▸ Aim of the task:
Every record below needs to be printed again exactly.

Stored data
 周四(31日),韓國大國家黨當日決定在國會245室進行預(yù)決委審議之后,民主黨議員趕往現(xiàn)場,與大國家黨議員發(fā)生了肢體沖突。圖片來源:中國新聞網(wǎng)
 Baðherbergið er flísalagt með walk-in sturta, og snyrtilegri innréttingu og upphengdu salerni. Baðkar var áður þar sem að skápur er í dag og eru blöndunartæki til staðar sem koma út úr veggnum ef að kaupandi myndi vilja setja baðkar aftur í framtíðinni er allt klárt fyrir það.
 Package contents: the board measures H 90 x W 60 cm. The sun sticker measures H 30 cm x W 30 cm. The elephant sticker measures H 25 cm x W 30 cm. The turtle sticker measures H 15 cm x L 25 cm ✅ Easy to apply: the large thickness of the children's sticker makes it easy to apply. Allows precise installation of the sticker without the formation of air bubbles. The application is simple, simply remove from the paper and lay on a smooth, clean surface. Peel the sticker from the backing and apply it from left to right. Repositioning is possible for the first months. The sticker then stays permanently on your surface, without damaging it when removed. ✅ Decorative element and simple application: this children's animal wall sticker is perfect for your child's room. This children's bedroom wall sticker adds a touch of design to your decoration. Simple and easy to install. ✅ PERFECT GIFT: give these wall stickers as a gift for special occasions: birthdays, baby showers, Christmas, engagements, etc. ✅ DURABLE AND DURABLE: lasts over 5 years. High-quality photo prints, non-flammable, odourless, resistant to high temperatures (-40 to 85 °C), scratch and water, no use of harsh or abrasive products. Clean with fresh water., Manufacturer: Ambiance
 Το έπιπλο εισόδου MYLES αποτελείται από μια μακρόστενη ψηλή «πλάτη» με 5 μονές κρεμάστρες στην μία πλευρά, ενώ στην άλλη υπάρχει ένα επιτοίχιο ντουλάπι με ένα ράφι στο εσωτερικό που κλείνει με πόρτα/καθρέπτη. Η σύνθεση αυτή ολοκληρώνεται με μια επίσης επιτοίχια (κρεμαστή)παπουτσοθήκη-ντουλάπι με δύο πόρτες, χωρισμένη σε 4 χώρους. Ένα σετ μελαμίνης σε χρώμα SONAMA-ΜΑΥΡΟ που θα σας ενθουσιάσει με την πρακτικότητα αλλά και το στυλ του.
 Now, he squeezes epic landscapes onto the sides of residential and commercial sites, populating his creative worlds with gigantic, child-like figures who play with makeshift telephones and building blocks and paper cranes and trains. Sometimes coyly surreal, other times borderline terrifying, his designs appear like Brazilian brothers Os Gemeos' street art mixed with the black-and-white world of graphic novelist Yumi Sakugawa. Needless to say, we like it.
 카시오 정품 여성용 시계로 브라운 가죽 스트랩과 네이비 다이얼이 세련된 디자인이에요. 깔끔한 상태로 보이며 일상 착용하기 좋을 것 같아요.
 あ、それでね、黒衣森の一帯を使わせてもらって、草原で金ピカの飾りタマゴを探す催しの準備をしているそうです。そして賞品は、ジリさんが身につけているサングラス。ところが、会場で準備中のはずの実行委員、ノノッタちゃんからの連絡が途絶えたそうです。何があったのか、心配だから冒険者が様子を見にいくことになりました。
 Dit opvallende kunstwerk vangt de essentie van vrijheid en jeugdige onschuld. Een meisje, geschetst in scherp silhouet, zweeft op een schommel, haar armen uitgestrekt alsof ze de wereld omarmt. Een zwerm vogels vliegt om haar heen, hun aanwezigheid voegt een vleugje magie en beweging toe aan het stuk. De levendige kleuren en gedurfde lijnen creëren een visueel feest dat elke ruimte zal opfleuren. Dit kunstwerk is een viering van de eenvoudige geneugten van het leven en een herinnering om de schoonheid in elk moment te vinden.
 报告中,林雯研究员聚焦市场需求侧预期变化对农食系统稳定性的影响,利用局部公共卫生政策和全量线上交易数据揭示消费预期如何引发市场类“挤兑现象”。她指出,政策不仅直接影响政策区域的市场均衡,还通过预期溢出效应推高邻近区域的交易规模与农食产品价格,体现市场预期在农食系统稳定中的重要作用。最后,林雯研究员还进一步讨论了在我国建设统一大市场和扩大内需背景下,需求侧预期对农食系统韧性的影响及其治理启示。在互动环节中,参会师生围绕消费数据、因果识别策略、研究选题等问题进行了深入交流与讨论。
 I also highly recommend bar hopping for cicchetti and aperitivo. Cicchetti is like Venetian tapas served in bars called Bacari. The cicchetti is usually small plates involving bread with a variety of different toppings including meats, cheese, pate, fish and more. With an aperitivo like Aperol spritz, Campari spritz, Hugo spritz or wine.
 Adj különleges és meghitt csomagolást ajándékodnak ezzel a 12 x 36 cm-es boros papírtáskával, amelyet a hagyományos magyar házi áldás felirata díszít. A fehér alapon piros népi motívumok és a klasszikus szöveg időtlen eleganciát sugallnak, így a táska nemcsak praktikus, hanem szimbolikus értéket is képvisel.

▸ Written response:
 周四(31日),韓國大國家黨當日決定在國會245室進行預(yù)決委審議之后,民主黨議員趕往現(xiàn)場,與大國家黨議員發(fā)生了肢體沖突。圖片來源:中國新聞網(wǎng)
 Baðherbergið er flísalagt með walk-in sturta, og snyrtilegri innréttingu og upphengdu salerni. Baðkar var áður þar sem að skápur er í dag og eru blöndunartæki til staðar sem koma út úr veggnum ef að kaupandi myndi vilja setja baðkar aftur í framtíðinni er allt klárt fyrir það.
 Package contents: the board measures H 90 x W 60 cm. The sun sticker measures H 30 cm x W 30 cm. The elephant sticker measures H 25 cm x W 30 cm. The turtle sticker measures H 15 cm x L 25 cm ✅ Easy to apply: the large thickness of the children's sticker makes it easy to apply. Allows precise installation of the sticker without the formation of air bubbles. The application is simple, simply remove from the paper and lay on a smooth, clean surface. Peel the sticker from the backing and apply it from left to right. Repositioning is possible for the first months. The sticker then stays permanently on your surface, without damaging it when removed. ✅ Decorative element and simple application: this children's animal wall sticker is perfect for your child's room. This children's bedroom wall sticker adds a touch of design to your decoration. Simple and easy to install. ✅ PERFECT GIFT: give these wall stickers as a gift for special occasions: birthdays, baby showers, Christmas, engagements, etc. ✅ DURABLE AND DURABLE: lasts over 5 years. High-quality photo prints, non-flammable, odourless, resistant to high temperatures (-40 to 85 °C), scratch and water, no use of harsh or abrasive products. Clean with fresh water., Manufacturer: Ambiance
 Το έπιπλο εισόδου MYLES αποτελείται από μια μακρόστενη ψηλή «πλάτη» με 5 μονές κρεμάστρες στην μία πλευρά, ενώ στην άλλη υπάρχει ένα επιτοίχιο ντουλάπι με ένα ράφι στο εσωτερικό που κλείνει με πόρτα/καθρέπτη. Η σύνθεση αυτή ολοκληρώνεται με μια επίσης επιτοίχια (κρεμαστή)παπουτσοθήκη-ντουλάπι με δύο πόρτες, χωρισμένη σε 4 χώρους. Ένα σετ μελαμίνης σε χρώμα SONAMA-ΜΑΥΡΟ που θα σας ενθουσιάσει με την πρακτικότητα αλλά και το στυλ του.
 Now, he squeezes epic landscapes onto the sides of residential and commercial sites, populating his creative worlds with gigantic, child-like figures who play with makeshift telephones and building blocks and paper cranes and trains. Sometimes coyly surreal, other times borderline terrifying, his designs appear like Brazilian brothers Os Gemeos' street art mixed with the black-and-white world of graphic novelist Yumi Sakugawa. Needless to say, we like it.
 카시오 정품 여성용 시계로 브라운 가죽 스트랩과 네이비 다이얼이 세련된 디자인이에요. 깔끔한 상태로 보이며 일상 착용하기 좋을 것 같아요.
 あ、それでね、黒衣森の一帯を使わせてもらって、草原で金ピカの飾りタマゴを探す催しの準備をしているそうです。そして賞品は、ジリさんが身につけているサングラス。ところが、会場で準備中のはずの実行委員、ノノッタちゃんからの連絡が途絶えたそうです。何があったのか、心配だから冒険者が様子を見にいくことになりました。
 Dit opvallende kunstwerk vangt de essentie van vrijheid en jeugdige onschuld. Een meisje, geschetst in scherp silhouet, zweeft op een schommel, haar armen uitgestrekt alsof ze de wereld omarmt. Een zwerm vogels vliegt om haar heen, hun aanwezigheid voegt een vleugje magie en beweging toe aan het stuk. De levendige kleuren en gedurfde lijnen creëren een visueel feest dat elke ruimte zal opfleuren. Dit kunstwerk is een viering van de eenvoudige geneugten van het leven en een herinnering om de schoonheid in elk moment te vinden.
 报告中,林雯研究员聚焦市场需求侧预期变化对农食系统稳定性的影响,利用局部公共卫生政策和全量线上交易数据揭示消费预期如何引发市场类“挤兑现象”。她指出,政策不仅直接影响政策区域的市场均衡,还通过预期溢出效应推高邻近区域的交易规模与农食产品价格,体现市场预期在农食系统稳定中的重要作用。最后,林雯研究员还进一步讨论了在我国建设统一大市场和扩大内需背景下,需求侧预期对农食系统韧性的影响及其治理启示。在互动环节中,参会师生围绕消费数据、因果识别策略、研究选题等问题进行了深入交流与讨论。
 I also highly recommend bar hopping for cicchetti and aperitivo. Cicchetti is like Venetian tapas served in bars called Bacari. The cicchetti is usually small plates involving bread with a variety of different toppings including meats, cheese, pate, fish and more. With an aperitivo like Aperol spritz, Campari spritz, Hugo spritz or wine.
 Adj különleges és meghitt csomagolást ajándékodnak ezzel a 12 x 36 cm-es boros papírtáskával, amelyet a hagyományos magyar házi áldás felirata díszít. A fehér alapon piros népi motívumok és a klasszikus szöveg időtlen eleganciát sugallnak, így a táska nemcsak praktikus, hanem szimbolikus értéket is képvisel.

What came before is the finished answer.